A crescente preocupação internacional levou a algumas iniciativas políticas. Em 2022, 175 países assinaram um acordo da ONU para pôr fim à poluição plástica, embora ainda falte definir metas concretas. 

Em 2023, a União Europeia proibiu a venda de glitter plástico solto, e os Estados Unidos já haviam banido microesferas em cosméticos desde 2015.

No campo tecnológico, há pesquisas que exploram diferentes formas de remover microplásticos. Entre as soluções em estudo estão microrrobôs coletores, ímãs revestidos com substâncias que atraem fragmentos, e óleos vegetais capazes de aglutinar partículas em água. Outras abordagens incluem processos de oxidação avançada, biodegradação e fotocatálise induzida pela luz solar.
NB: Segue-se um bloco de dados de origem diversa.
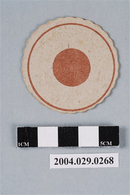 1.本物件為「小蜜蜂尪仔標」。為一圓形花邊紙質卡牌,正面中央圖樣為兩隻小蜜蜂。四方各有圖紋,上方為撲克牌中的「紅心」圖樣,右方為生肖中的「猴」,下方為猜拳中的「剪刀」圖樣,左方為象棋中的「車」圖樣,其中猴、車與剪刀為藍色圖紋,紅心為紅色圖紋。背面圖樣為咖啡色的骰子點數「一」。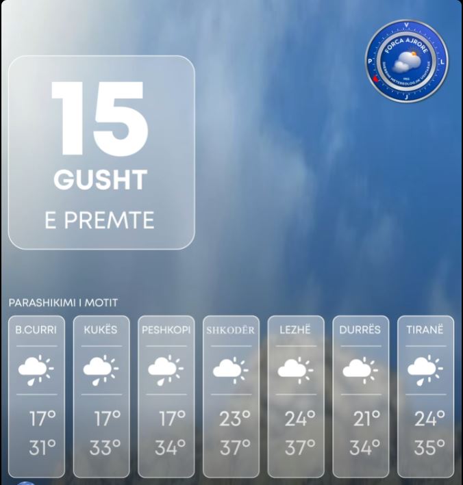 Ditën e premte, vendi ynë do të jetë në ndikimin e kushteve atmosferike relativisht të paqëndrueshme. Moti parashikohet fillimisht i kthjellët, ndërsa gradualisht shtim vranësirash mesatare deri të dendura më të theksuara në relievet malore.

“Ao adotar essa abordagem integrada, podemos transformar fundamentalmente a forma como entendemos e gerenciamos essa ameaça emergente”, aponta o pesquisador Fei Jiang, coautor da revisão, em nota. “Todas essas áreas devem trabalhar em conjunto para gerenciar essa ameaça emergente e moldar estratégias globais eficazes contra a poluição.”

No entanto, especialistas ressaltam que as soluções mais eficazes continuam sendo a redução da produção e do consumo de plástico. Recomendações práticas incluem preferir roupas de fibras naturais, reduzir embalagens descartáveis, usar filtros em máquinas de lavar, substituir sachês de chá por folhas soltas e cobrar regulamentações mais rígidas do setor.

O estudo da Universidade de Manchester mostra que o problema não pode mais ser tratado apenas como uma questão dos oceanos. Ele está no ar que respiramos, com implicações diretas para a saúde, a agricultura e os ecossistemas.